Comparison of ways of visualizing individual-level Likert data: line plots and heat maps and mosaic plots, oh my!

Last week, I wrote a post where I talked about how my training in evolutionary ecology led me to try reaction norms (that is, paired line plots) for plotting paired Likert data. I had already tried a few other options, but didn’t include them in that post, and I got some feedback on that post that gave me more ideas. There was also a request for code on how to actually generate those plots. So, this post shows four different ways of visualizing individual-level responses to paired Likert-scale questions (paired line plots, dot plots, mosaic plots, and heat maps). It does that for two different comparisons, leading me to the conclusion that the type of plot that works best will depend on your data. I’d love to hear which ones you think work best — there are polls where you can vote for your favorite! And, if you’re working on similar data and want to see code, there’s an associated Github repo, but it comes with the disclaimer that my code is good enough, but definitely not elegant.

Do you think climate change is happening?
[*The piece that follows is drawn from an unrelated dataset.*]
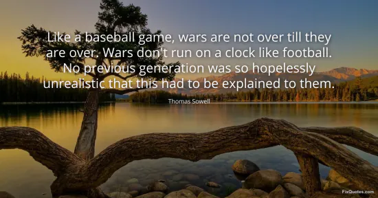 Sowell, Thomas. "Like a baseball game, wars are not over till they are over. Wars don't run on a clock like football. No previous generation was so hopelessly unrealistic that this had to be explained to them." FixQuotes. January 18, 2026. https://fixquotes.com/quotes/like-a-baseball-game-wars-are-not-over-till-they-2129/.

Overall class responses

I’ve been mostly interested in exploring how to look at individual-level paired responses, but I’ll start with some plots showing summaries of Likert-scale data. Everything I present in this post is based on a collaborative project with Susan Cheng and JW Hammond that seeks to understand how student understandings of climate change shift over the course of introductory biology. As part of that survey, we asked students:

Do you think that climate change is happening?
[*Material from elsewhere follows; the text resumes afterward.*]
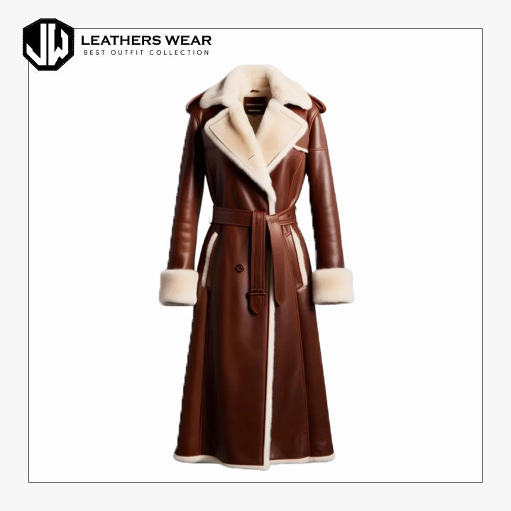 The Luxurious Brown Leather Shearling Coat is a statement piece for those who appreciate both style and functionality. Keep warm while turning heads in this elegant, expertly crafted outerwear essential.

– Yes, and I’m extremely sure

– Yes, and I’m very sure

– Yes, and I’m somewhat sure

– Yes, but I’m not at all sure

– No, and I’m extremely sure

– No, and I’m very sure

– No, and I’m somewhat sure

– No, but I’m not at all sure

– I don’t know

We asked that at the beginning of the semester and the end of the semester. We were interested in understanding both what students think at the beginning of the semester, and how those views change (or don’t) over the course of the semester.

Here was the first plot I made to look at the data:

two bar plots. The one on top is from the beginning of the semester and the bottom is from the end. Most students chose "yes, extremely sure" on both, but it's much more skewed at the end

Not bad, and we could definitely make those x-axis labels neater, but we’re probably not going to use this plot, so let’s move on. Would it be easier to compare if we plot things side-by-side?

same data as in previous post, but this time the bars are side-by-side and in different colors

Again, that could use more work if we were going to use it, but we’re not (I actually think the first one looks better), so let’s move on.

I knew, based on earlier work I had done, that I was likely to want to use the really excellent Likert package. Let’s try that:

a plot with sideways stacked bars at the top for the beginning and on the bottom for the end. The biggest section of each is dark green, indicating the "Yes, extremely sure" option

Pretty! That’s definitely the best of the visualizations of the aggregate data! The way the Likert package plots work is by putting all the “yes” answers off on the right in green (with darker shades of green indicating the more sure responses). The “no” responses are on the left of the plot, but there are so few you can barely see them. The “I don’t know” are in gray in the middle. The percents indicate the total percent of students in the “no” category (on the left), in “don’t know” (in the middle), and in the “yes” categories (on the right). So, in short: students entered the course overwhelming agreeing that climate change is occurring, and became more sure of that over the course of the semester.

But remember that one of the things we are interested in is comparing responses of individuals. We have no idea how individual student views shifted (or didn’t). Do some students change a lot? Do some become less sure that climate change is happening? We can’t tell that from the previous plots. So, let’s move on to try to get a sense for how views of individual students changed, comparing four different options.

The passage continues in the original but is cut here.